Una vez más, Patrik intentó aparentar tanta calma como pudo, pero, en su fuero interno, los pensamientos le cruzaban la mente como rayos. La imagen del cuerpo desnudo de Tanja en Kungsklyftan se perfiló en su retina y cerró los ojos un segundo para desecharla.

– Nosotros no esperamos veinticuatro horas, eso sólo pasa en las películas americanas, pero antes de que sepamos nada, deben tranquilizarse. Aunque estoy convencido de que tienen razón y de que Jenny es una buena chica, les aseguro que yo he visto estas cosas: conocen a alguien, olvidan el tiempo y el espacio, y que sus padres están en casa preocupados. No es nada insólito. Claro que vamos a empezar preguntando por el pueblo hoy mismo. Déjenle a Annika un número en el que podamos localizarles y les llamaré en cuanto sepa algo. Y si les llama o aparece por casa, comuniquénnoslo enseguida, por favor. Ya verán cómo todo se arregla.

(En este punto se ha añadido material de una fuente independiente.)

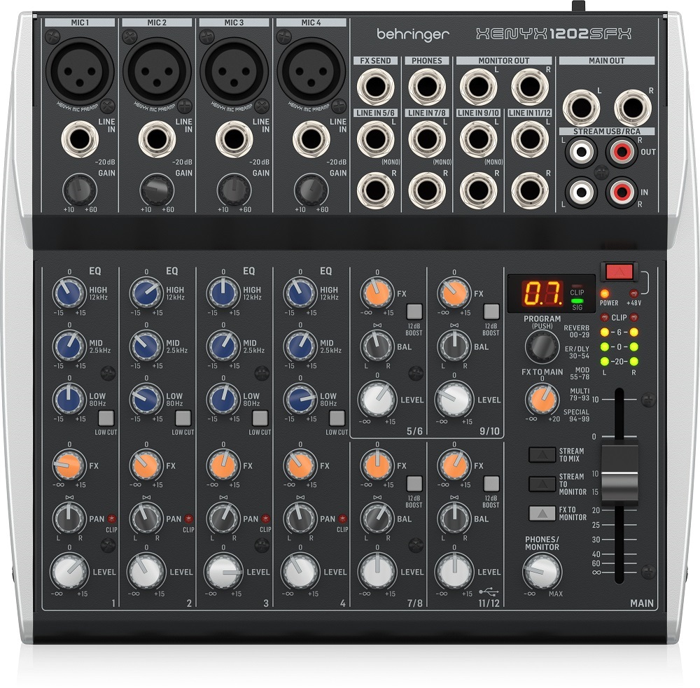 Мікшерна консоль XENYX 1202SFX від компанії Behringer має 12 вхідних каналів для беззаперечного досягнення виняткового звучання, ідеального для стрімінгу, подкастінгу або вживої передачі. Завдяки нагородженим мікрофонним підсилювачам XENYX з фантомним живленням 48 В для підключення навіть висококласних студійних мікрофонів, мікшер надає теплий та надзвичайно музичний звук.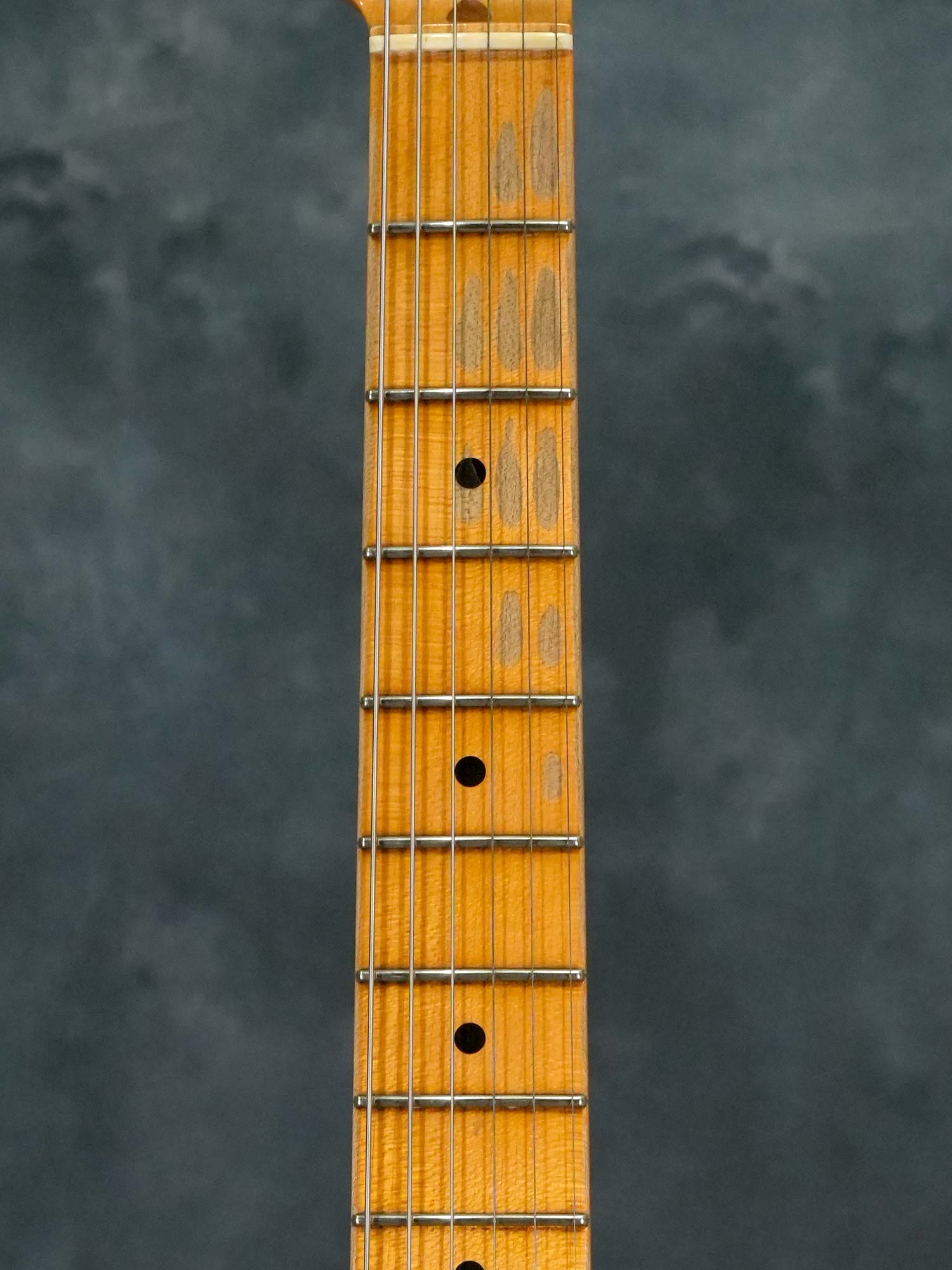 使用感を再現したレリック加工が施されており、指板の塗装剥がれやボディの大小のウェザーチェックや所々打痕なども再現されているため後から付いた傷との判別は難しいものの、木部の割れや凹みを伴うようなダメージや違和感を感じるような大きな傷は有りません。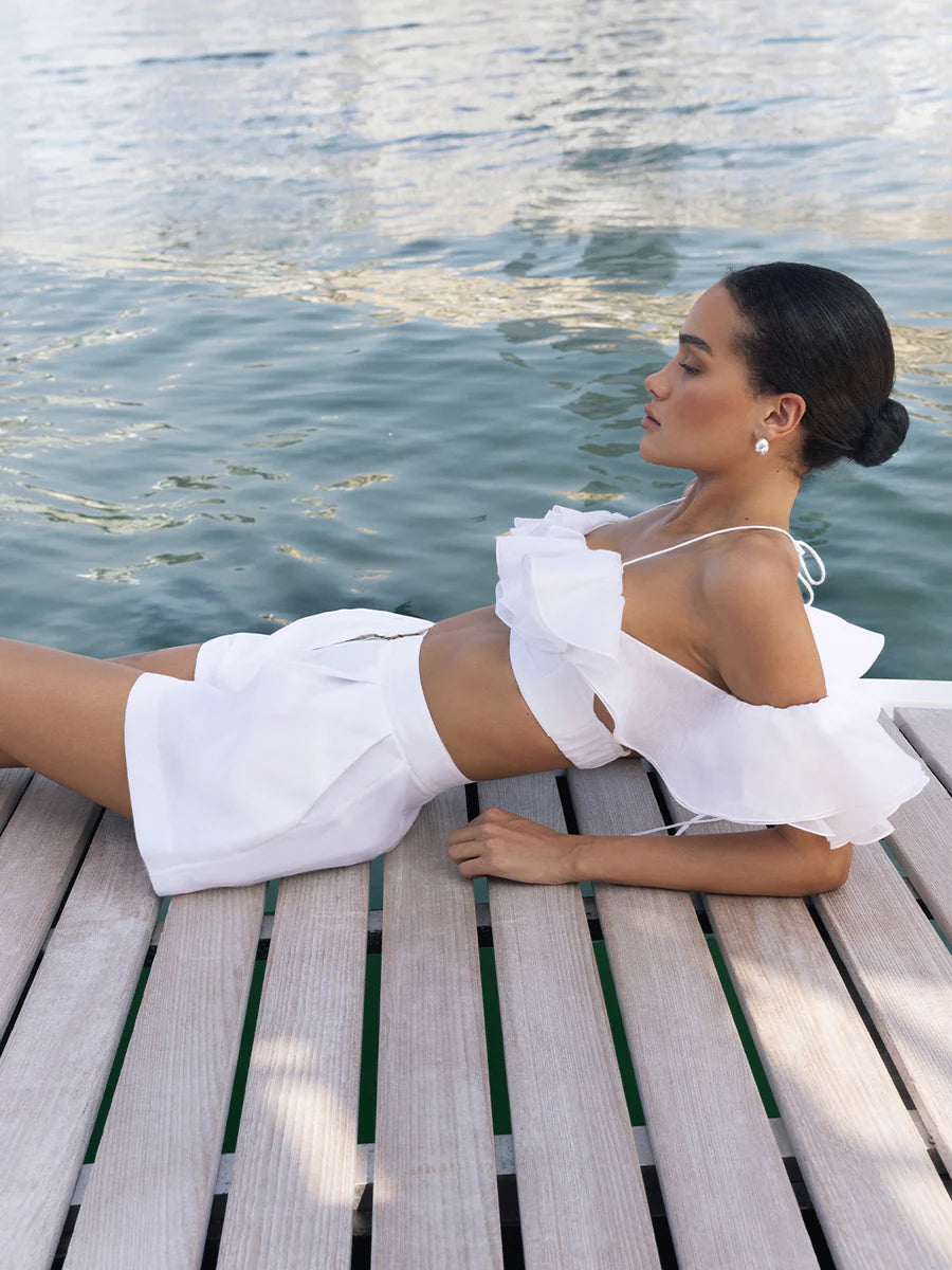 The Magnolia Ivoire Top is a delicate handmade piece inspired by the quiet elegance of white magnolia blossoms and fresh Ivoire in bloom.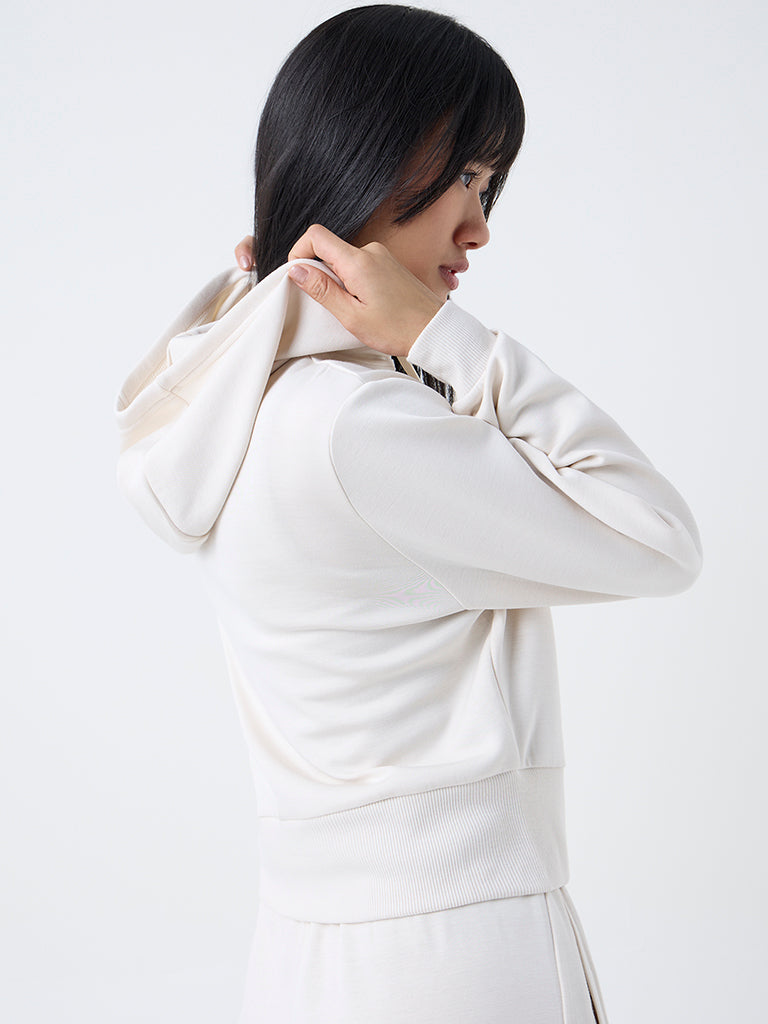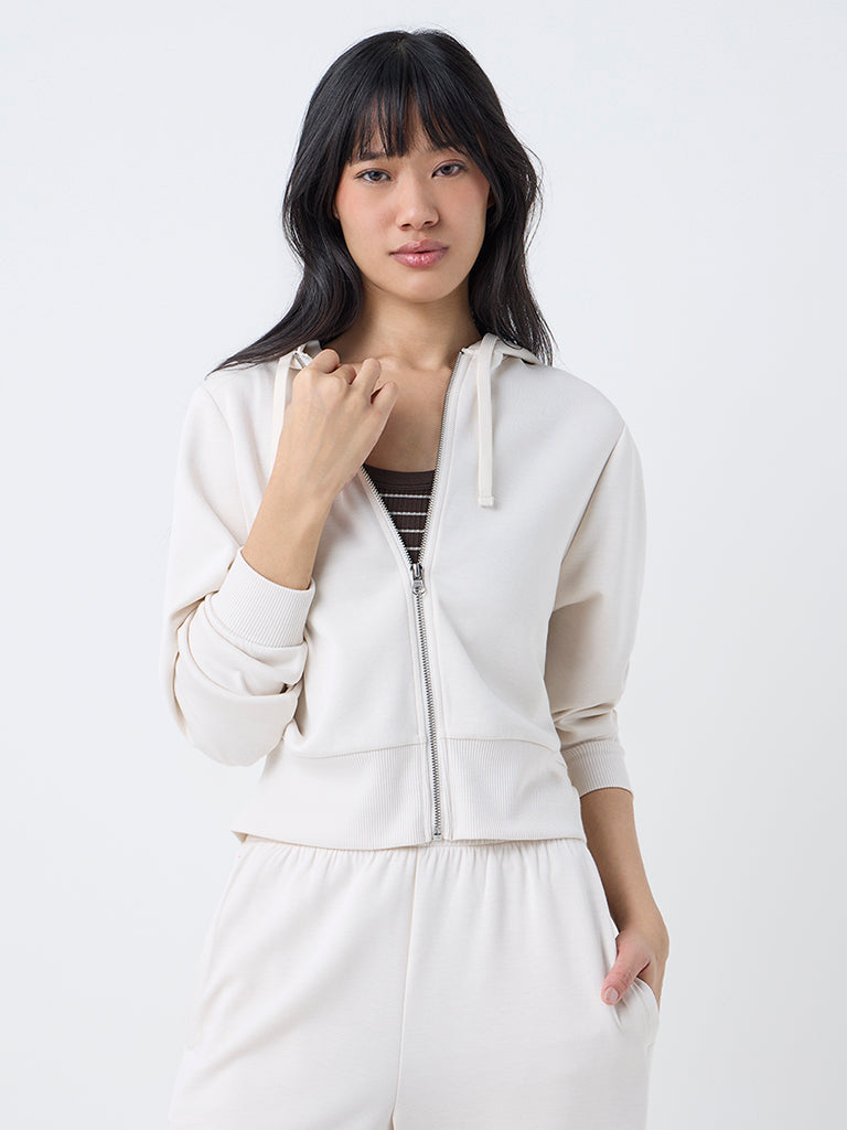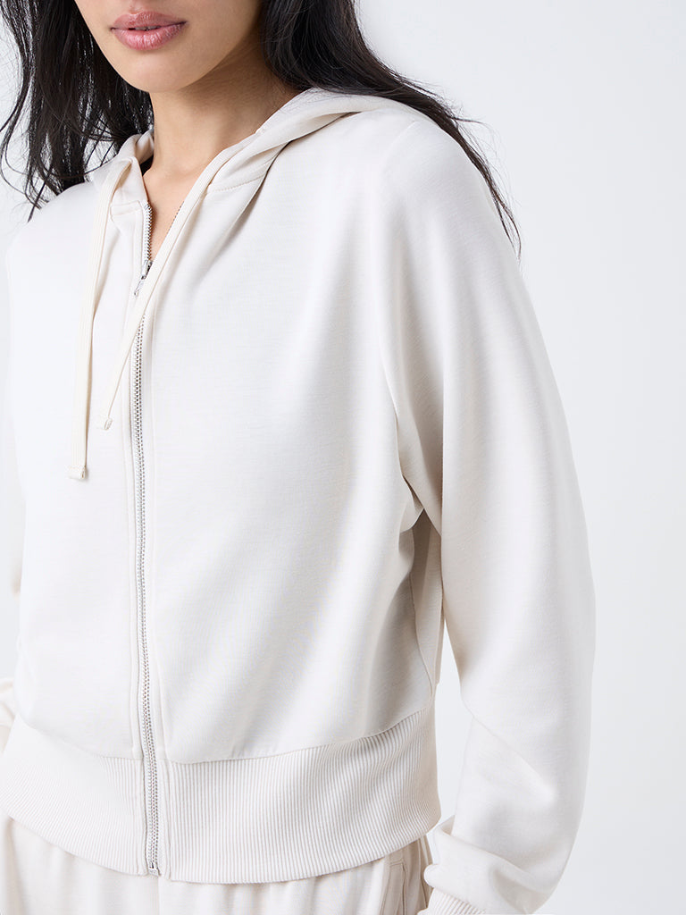 Effortless and easy. this cream jacket from Studiofit Nuoflexx is designed for everyday comfort. Crafted from sumptuous fabric blend. it is framed with a hood with drawstring detail. zip-up front and full sleeves for a balanced mix of function and ease. Ribbed trims lend shape to the relaxed silhouette. while the minimal design keeps it versatile for layering across casual edits.
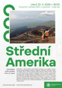 Cestopisná přednáška – Střední Amerika Knihovna Opočno 12.9.2025 Cestopisná přednáška – Střední Amerika2025-09-12T08:43:29+00:00 Oddělení pro dospělé, Slider obrázky, Zprávy úterý 23.9.2025 v 18h v malém sále Kodymova národního domu.

Una vez que se hubieron marchado, Patrik empezó a preguntarse si no les habría prometido demasiado. La sensación de resquemor que se le había instalado en el estómago no auguraba nada bueno. Observó la foto de Jenny que los padres le habían dejado. Ojalá la muchacha estuviese por ahí de fiesta.

Se levantó y se encaminó al despacho de Martin. Lo mejor sería empezar a buscar de inmediato. En caso de que hubiese ocurrido lo peor, no tenían un minuto que perder. Según el informe del forense, Tanja había estado viva y prisionera toda una semana antes de morir. El tictac de las agujas del reloj los apremiaba.